As the flute joined in, so came the next part of the waltz. Twirled and passed between partners, palms outstretched, Elara weaved through the masked men, her neck craning to find Enzo, smiling as she saw his eyes still locked on her even as he spun with other women. Her hand brushed a stranger’s, and she stopped herself, only just, from sucking in a breath.
A Star’s charm was coating her, the bare contact of a god’s skin on hers, electric. The charm felt like storm clouds and solving puzzles; smelled like rain and cedar. Her stomach turned as she pretended to peer up shyly behind her mask, an abashed courtier overwhelmed by a Star’s presence. The pale, dark-haired god glanced down at her, his cunning coal eyes fixed on Elara as he tilted his head, intrigued. Elara took in any detail she could. A black pinstriped suit, the shirt beneath unbuttoned low to show a row of silver necklaces. One with a key hung between his collarbones, another with a blade on it hung low by his sternum. She folded away the details, nodding her head demurely as his brow furrowed. Then before she knew it, Elara was whisked back into the dance.
She made her way back to Enzo as the music picked up pace, the orchestra a frenzy of violins, flutes and cymbals.
Enzo grabbed her with ferocity as she reached him, hunger in his movements dominating her as he pulled her flush to him, leading them to the demanding beat.
‘Eli certainly seemed to like the look of you,’ Enzo murmured, picking up his pace as the music became deafening.
‘Holy shit, that was Eli? One of the twins?’
‘The very same,’ Enzo replied, his head whipping to where the Star was now dancing with a ravishing redhead, though his eyes were still pinned upon Elara.
Enzo smoothly moved her towards the edge of the ballroom and out of the Star’s sightline as she shivered.
The melody followed them, rising when Enzo lifted her, speeding when he spun her. She could feel a frisson in the air like the raw power he wielded between his hands, crackling with energy. Her heart raced as the signal for the final steps of the Celestian Waltz sang to her. His fire fed into her, and she shot him a smile. Matching it with one of his own, he lifted her arm, spinning her with vigour. One, two, three, four …
Then mustering all her focus, she took three strides back and darted, leaping into his outstretched arms. He pushed her up, his muscles corded behind his jacket as he stretched her above him, holding her. Dizzy with euphoria, the world that surrounded Elara was left behind. She hung among the stars, envisioning plucking them with vengeance one by one, her body weightless.
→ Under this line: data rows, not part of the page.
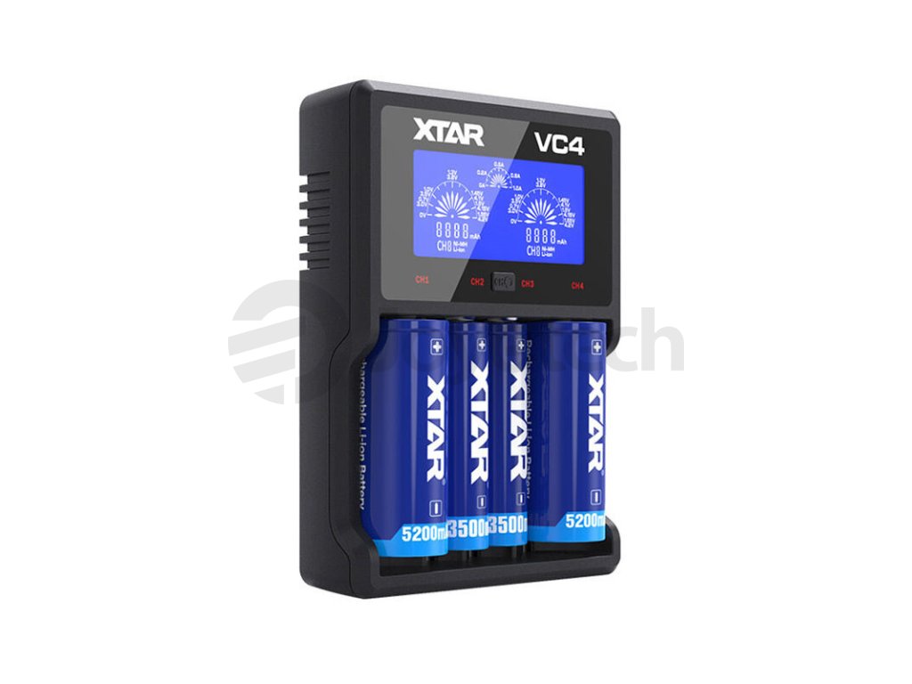 XTAR VC4 je kvalitní multifunkční nabíječka článků a dalších baterií od výrobce XTAR. Disponuje čtyřmi individuálními nabíjecími sloty. Lze nabíjet až čtyři baterie současně, případně každou baterii samostatně. Nabíječka XTAR VC4 podporuje většinu běžně dostupných článků typu Li-ion, IMR, INR, ICR a Ni-MH, Ni-CD. Ve vrchní části nabíječky se nachází velký a přehledný LCD displej, který zobrazuje všechny potřebné parametry během nabíjení. Na displeji se zobrazuje dobíjecí proud baterií, napětí baterií a kapacita baterií. V případě kompletního dobití článku se tento údaj zobrazí přímo na displeji. Nabíječka VC4 také nabídne funkci zobrazení chybových hlášek, pokud se během používání na displeji zobrazí NULL, jedná se o vadnou baterii, v případě zobrazení ERR je baterie vložena obráceně, nebo došlo k jejímu zkratu. Tato funkce ušetří váš čas během nabíjení. Pod displejem se nachází malé tlačítko, kterým si snadno rozsvítíte a zhasnete displej pro úsporu energie.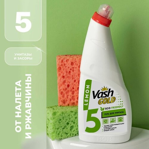 Чистящее средство для унитаза гель для туалета и ванной с дозатором утенок, лимон Vash GOLD Eco Friendly 750 мл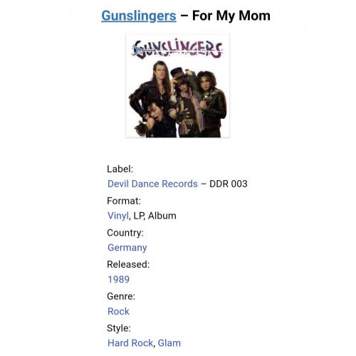 Вінілова платівка. Другий, в дискографії, студійний альбом, Німецької хард-рок, глем метал групи Gunslingers, до складу якого, на той час, входили Херве Розум, Пол Екнесс, Мітчі, Рейні та Макс (For My Mom) 1989 Випуск фірми (Devil Dance Records) Germany, 1989-ий рік. Оригінальне, рідне, першопресове, Німецьке видання. Рідкісне (Rare). Стан платівки EX+. Конверт глянцевий. Стан конверту EX+. Відправка по Україні службами доставки: Нова Пошта, Укр Пошта, Делівері. Також відправляємо посилки за кордон по цілому світу.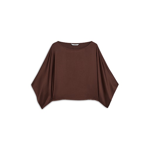 Satijnen top van Summum met driekwart aangeknipte mouwen en een boothals. Materiaal: Acetate 100%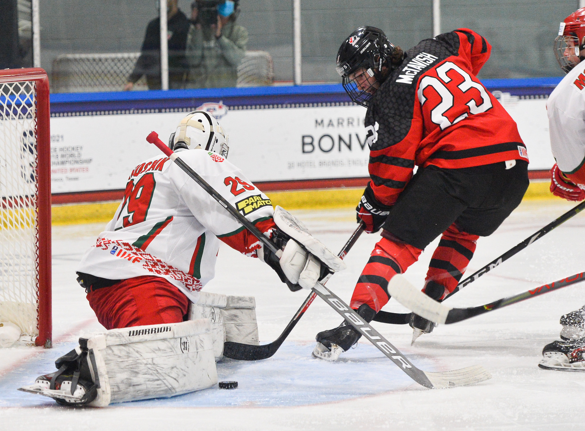 Any hope that that goal would start a comeback was dashed in the third. Canada played a tenacious period and then Belarus ran into serious penalty trouble, giving Canada two 5-on-3 situations and incurring a major and game misconduct thanks to a Danil Rogach cross-check. McTavish capitalized midway through the major to make it a 5-1 game.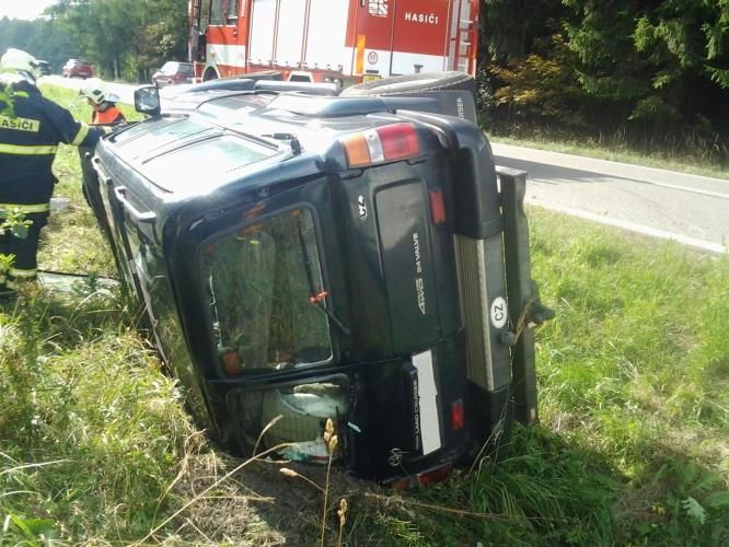 „Řidič s terénním vozem Toyota Landcruiser s obytným přívěsem skončil po nehodě převrácený v příkopu na boku. Přívěs se po nárazu odpojil, převrátil na střechu a částečně zasahoval do vozovky. Nehoda se obešla bez zranění osob.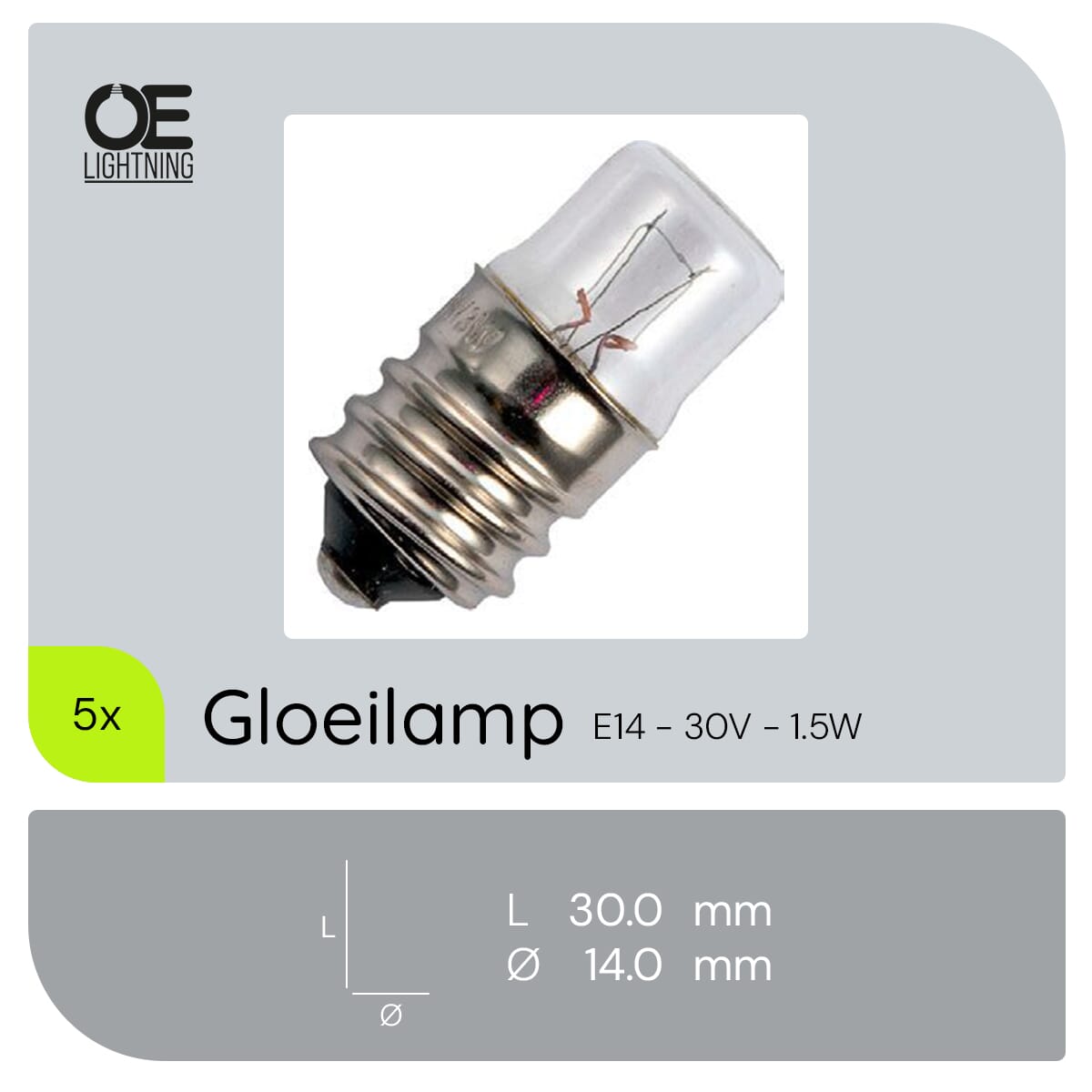 De signaallamp E14 30V 1.5W is een compacte en efficiënte lichtbron, ontworpen voor gebruik in industriële toepassingen, vrachtwagens en boten. Deze lamp biedt een warm wit licht van 2500K, wat zorgt voor een aangename en functionele verlichting. Met een diameter van 14mm en een lengte van 30mm is deze lamp geschikt voor diverse installaties waar ruimte beperkt is.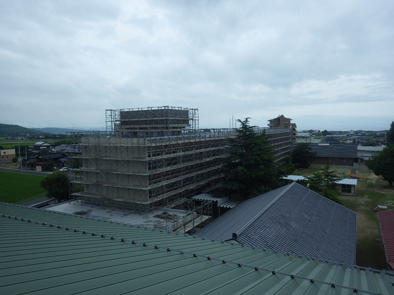 | 屋内運動場側の屋根からの風景です。 屋内運動場も全面改修なので、 まだ足場組の途中です。 |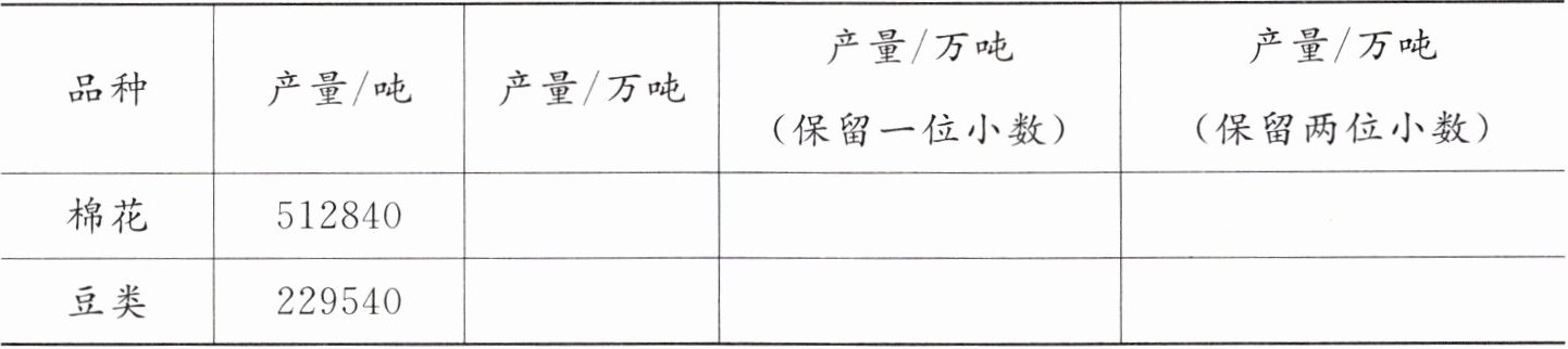 下面是 2023 年某地棉花和豆类产量。先改写成用“万”作单位的数,再按要求写出近似数。

She barely noticed the other guests suspended around her. Then Enzo lowered her gently to the ground as the refrain stopped and they both snapped out of it, looking around the room.
Noise that had seemed distant was now loud and close—the crowd laughing and clapping as they dispersed, the music shifting into a new song. She blinked.
They made their way off the dance floor as Enzo led her to the shadowed wall nearby.
‘Perhaps it’s best we find other dancing partners now, mingle, and see what we can discover.’ His eyes were pensive as they searched the room. ‘Do you see Lukas anywhere?’
She shook her head, too out of breath to reply as she followed his gaze. Her eyes had been peeled for her pale-skinned, midnight-haired ex-lover, but by some mercy, she hadn’t seen him yet.
Enzo nodded. ‘Just don’t stray too far,’ he warned.
‘I won’t,’ she said softly, turning, her skirts swirling behind her, the imprint of his hands still burning her waist.